Ein Aufbruch ins Ungewisse

Afghanische Armee übernimmt die Verantwortung für die Sicherheit in Masar-i-Sharif.

Kabul. Es ist eine Zeremonie mit hoher Symbolkraft, die sich im nordafghanischen Masar-i-Scharif abspielt: Die Fahne der Nato-Truppe Isaf wird eingeholt, eine afghanische Fahne wird gehisst. Der Provinzgouverneur hält eine Rede, afghanische Soldaten singen die Nationalhymne. Damit übernahm die afghanische Armee von der Isaf die Sicherheitsverantwortung über Masar-i-Scharif, wo sich das größte Bundeswehrfeldlager am Hindukusch befindet.

Doch die Übernahme der Sicherheitsverantwortung ist ungeachtet aller Symbolik vor allem eine Reise ins Ungewisse — und nicht wenige befürchten einen blutigen Ausgang. Derzeit übernehmen afghanische Armee und Polizei die Sicherheitsverantwortung in zunächst drei Provinzen und vier Städten. Bis Ende 2014 sollen die Afghanen schrittweise die gesamte Sicherheitsverantwortung für ihr Land schultern, bis dahin sollen auch alle Isaf-Kampftruppen das Land verlassen haben.

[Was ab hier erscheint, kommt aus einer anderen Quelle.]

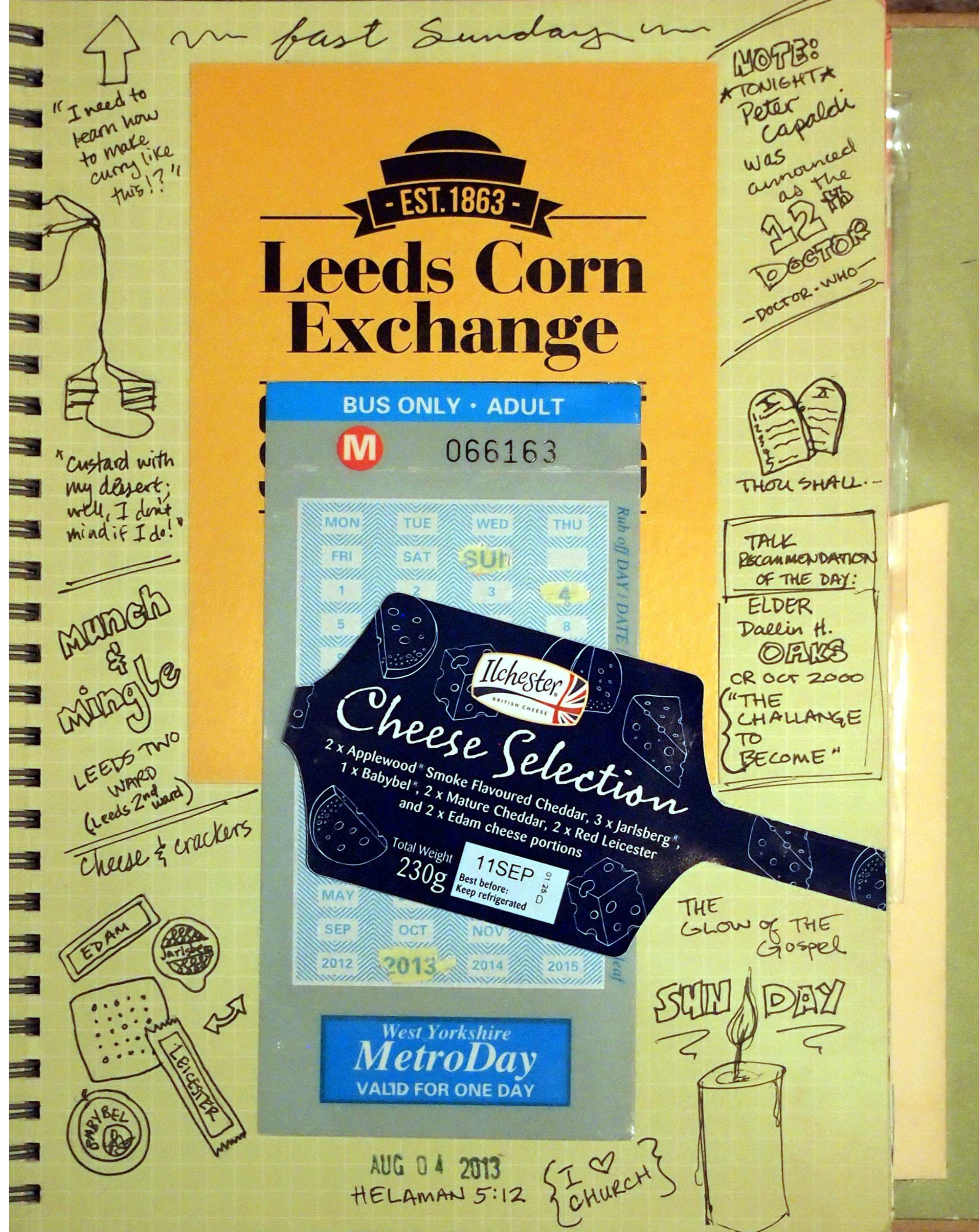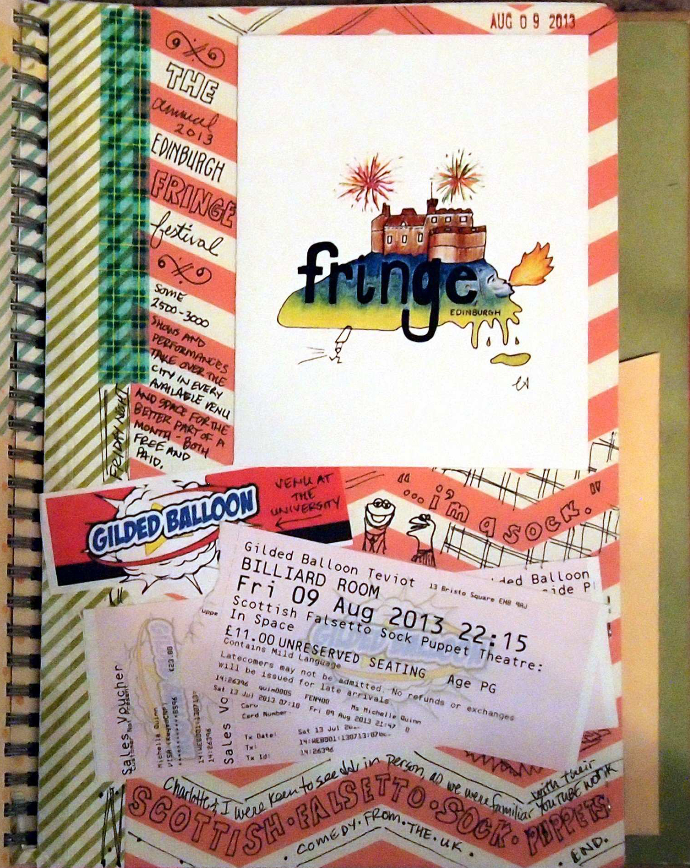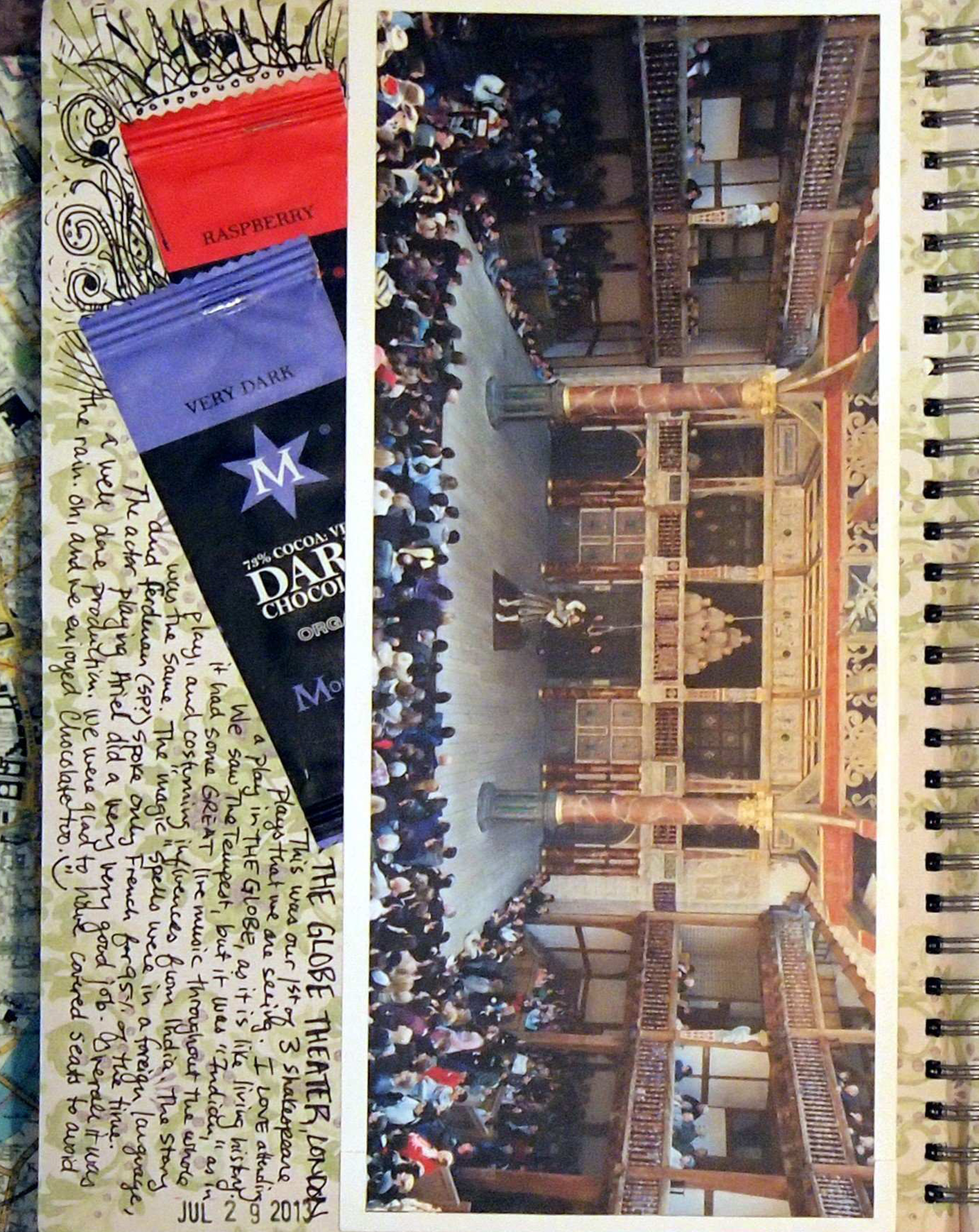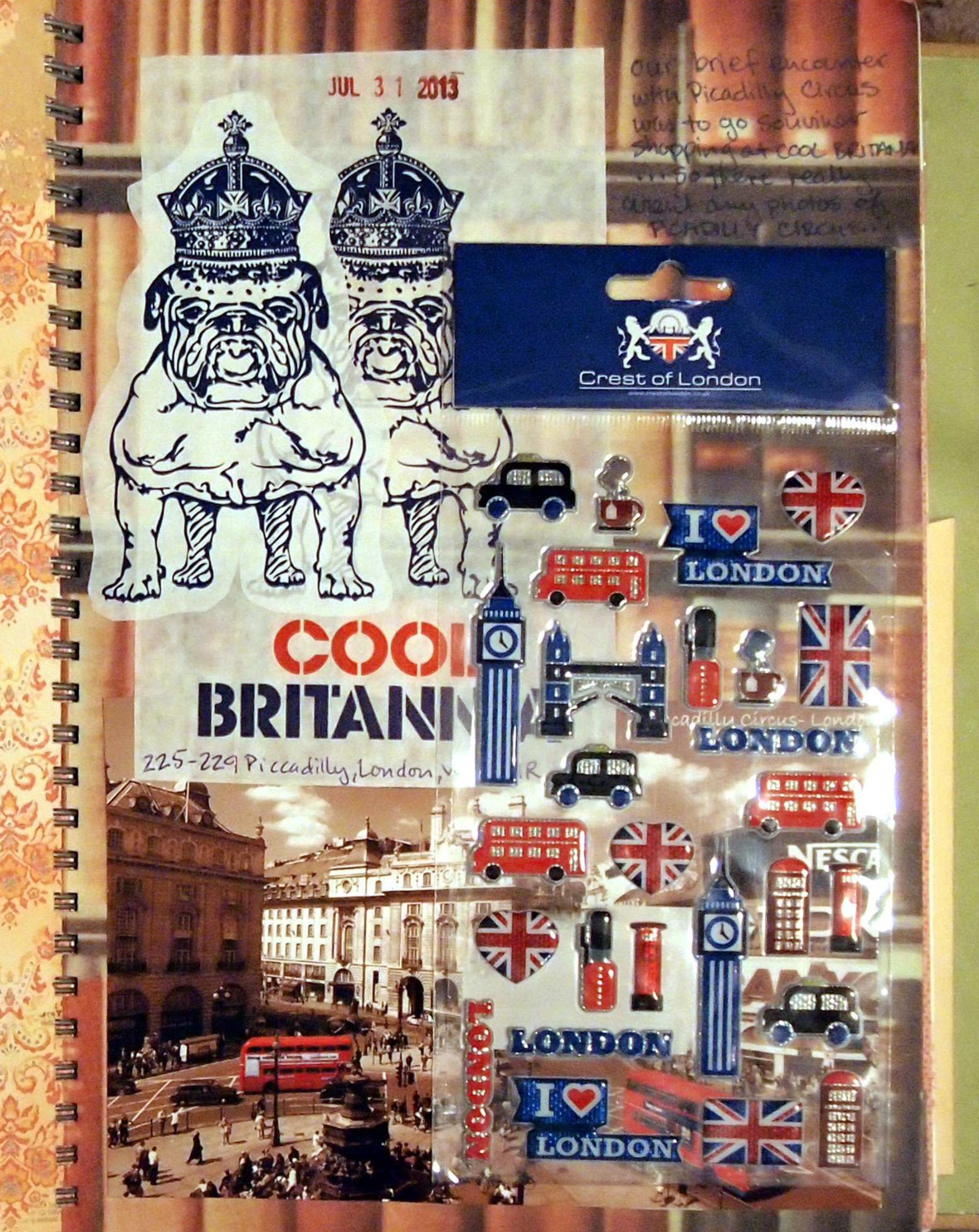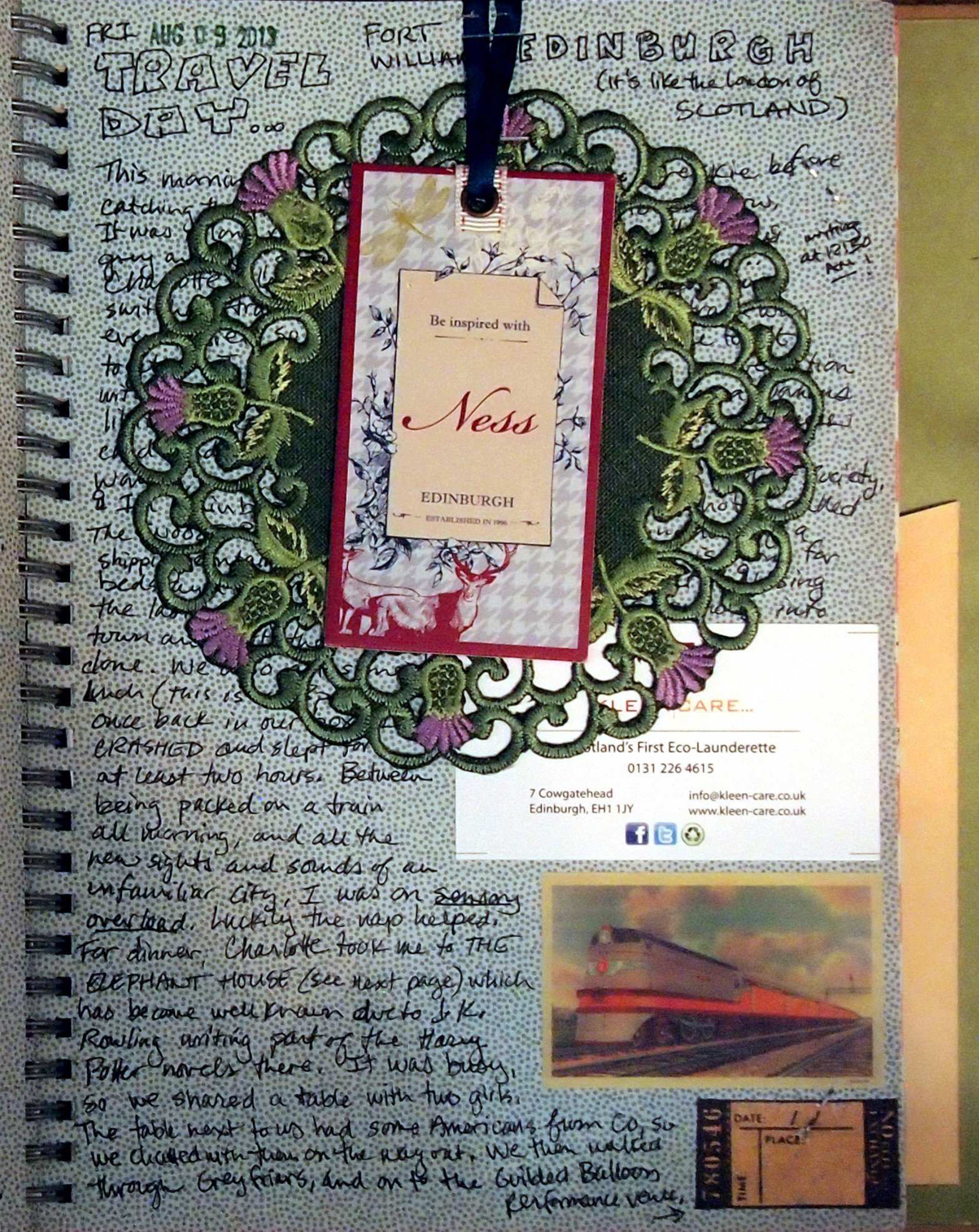 K&Company makes a blank book of 8×10″ spiral bound scrapbooking paper called a Smash Book. This is the base from which I build each travel book. Each book is made one-the-go with many late-night cutting-and-glueing sessions after a day of touring, or journaling in a cafe or on the train. As such, there are no photos from the trip included in these pages. After the trip, the Smash Book is digitized, and photos are added in a special photo album section.

Ausgewählt wurden die nun übergebenen Gegenden mit Bedacht — sie gelten als vergleichsweise sicher. Denn die Regierungen in Kabul und der westlichen Staaten fürchten wenig mehr als afghanische Sicherheitskräfte, die sich beim Kampf gegen die Aufständischen als überfordert erweisen könnten.

Die schrittweise Übergabe der Sicherheitsverantwortung kommt zeitgleich mit dem Beginn des Rückzugs der ersten Nato-Soldaten aus Afghanistan. Die USA wollen noch in diesem Jahr 10 000 Soldaten aus Afghanistan zurückholen, bis zum Sommer 2012 sollen insgesamt 33 000 Soldaten heimkehren. Auch andere Nato-Staaten wollen im zehnten Jahr des Einsatzes in Afghanistan ihre Kontingente verkleinern — das gilt auch für Deutschland, wenn sich die Bundesregierung bislang auch mit konkreten Zahlen zurückhält.

Nur einen Tag vor der offiziellen Übergabe der Sicherheitsverantwortung versicherte Bundesaußenminister Guido Westerwelle (FDP) bei einem Besuch in Masar-i-Scharif aber, die Stadt sei auf die neue Verantwortung gut vorbereitet. Westerwelle versprach: „Das ist eine neue Arbeitsteilung, aber nicht das Ende unserer Kooperation.“ Tatsächlich ändert sich für die mehr als 3000 deutschen Soldaten, die laut Bundeswehr in und um Masar-i-Scharif stationiert sind, erst einmal wenig. Denn der Isaf-Einsatz in dem Land geht weiter.